Hello, Corn

If you are new to the blog my sister and I have completed a Whole40 for Lent and are in the reintroduction phase of the plan.  During this time period you’re granted an all access pass to the backstage life of Whole30.  This is our first Whole30 experience and we loved it.

The first food we reintroduced was fordhook lima beans from the legume/pea/bean food group.  No problems for either of us.  No hunger or cravings and no indigestion for sister which was a big step for her.

The next food group was corn.  As predicted, the reintroduction was interesting.  Unlike the fordhooks, where there was only happiness I got to eat them, the corn reintroduction did produce some reactions.

Sister found a recipe for a corn salad on Pinterest she wanted to try.  She had to go out at lunch time so I mixed it up and let it sit for about an hour so it could marinate a bit.

First of all, it tasted good.


It was not satisfying.  I knew while I was eating it that I was going to be hungry.  In fact, I was hungry while I was eating it.  All I could think of was what could be added to it.  Avocados would have helped but ours had gone from ‘not yet’ to ‘rotten’ overnight.  Avocados are known to do that.  I did manage to salvage half an avocado out of three but it wasn’t enough to make a difference.  Black olives would also have been a good addition.

Sister loved it.  And she loved it even more when she added some homemade mayonnaise to her salad. I told her I wasn’t satisfied and we were just eating a bowl full of carbs.  Sister suggested it was because the salad contained no meat but I had eaten mine with a side of carnitas.  It hadn’t helped.

Honestly, I’ve been more satiated after eating a salad consisting of mostly lettuce than I was of this dish.

I was an unhappy camper.  I wasn’t satisfied and toward the end of the afternoon I was stomach-growling hungry.  That’s something we never experienced while doing our Whole40.

So, would I rule out this corn salad altogether?

No, it was good.


As a side to a meat and another vegetable.  Never as a stand-alone dish.

I am pleased that I was able to pinpoint my reaction so easily.  It was almost immediate.  I seem to have absorbed more from the Whole30 book than I realized.  I wondered if I would have any problems with the sweet starchiness.  I didn’t have any residual cravings.  The only thing I wanted was some squash or green beans because I was hungry and the ‘sugar dragon’ didn’t even twitch.

We had breakfast for supper – grits – and it was much more satisfying.  Sister eats eggs {{shudder}} and mixed some leftover zucchini and carnitas in the egg to go with her grits.  I had turkey sausage with mine.  I exceeded ½ cup by far but I was hongry.  (Hungry with an attitude.)  It was a much more satiating meal.

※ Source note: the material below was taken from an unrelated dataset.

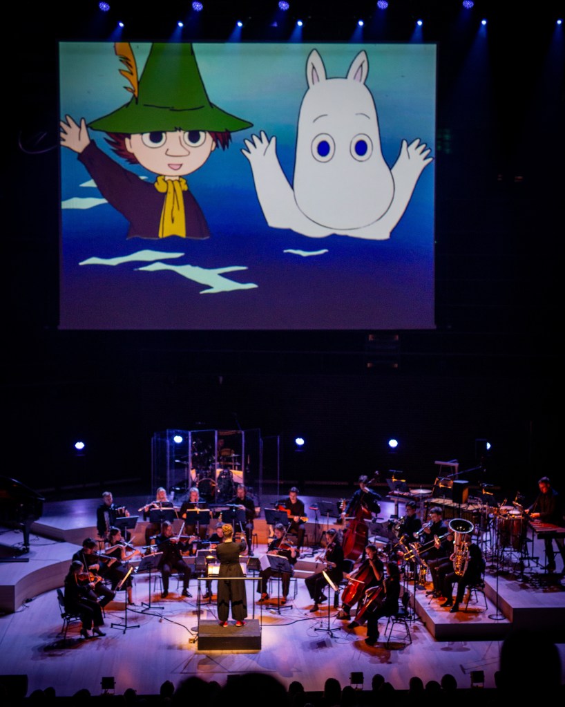 Tunnelmaa Helsingin Musiikkitalossa ennen sunnuntain 30.11. ensimmäistä muumikonserttia voisi kuvailla onnentäyteiseksi mutta hieman epäuskoiseksi. Muumimusiikin kuuleminen ihka oikean orkesterin esittämänä on ollut monen Muumilaakson tarinoiden kanssa kasvaneen unelma, mutta tuon unelman toteutumiseen tuskin monikaan on aidosti uskonut. Kun liput Musiikkitalon konsertteihin tulivat myyntiin keväällä 2025, ne vietiinkin käsistä ja myytiin loppuun vain minuuteissa. Suosiota seurasi ilmoitus lisäkonsertista ja lopulta viiden kaupungin kattavasta Suomen kiertueesta keväälle 2026.

Eating corn twice in one day I was concerned about my blood sugar but it didn’t do anything wild or crazy.  The next morning it was still right where it tends to be in the morning.  I think that is because we have been eating clean for over a month.  The corn by itself was not enough to throw anything out of line.

However, even though the reintroduction stages are explicitly laid out in the Whole30 book, I did experience some lingering guilt feelings.  We were eating a ‘banned’ food.  I didn’t have any such feelings about the fordhooks.  The only guilt attached to those was when the pot boiled over.  (See, inside information.)  I don’t know why the difference.  Perhaps I’ll find the answer in the food freedom book.

Corn Salad

Light and tasty side dish


  • 1 10 oz bag of steamed corn
  • 2 whole avocados, chopped
  • 1 cup grape tomatoes, halved
  • 1 medium English cucumber, thinly sliced
  • 2 tbsp red onion, minced
  • 1 whole lemon, juiced
  • To taste black pepper
  • To taste salt
  • 2 tbsp olive oil


  • Cook corn according to package directions.  
    Pay attention to which side of the bag goes up.
  • Place the corn in a large bowl and let cool.
  • Add remaining ingredients and toss together.


This would also be good with some sliced black olives.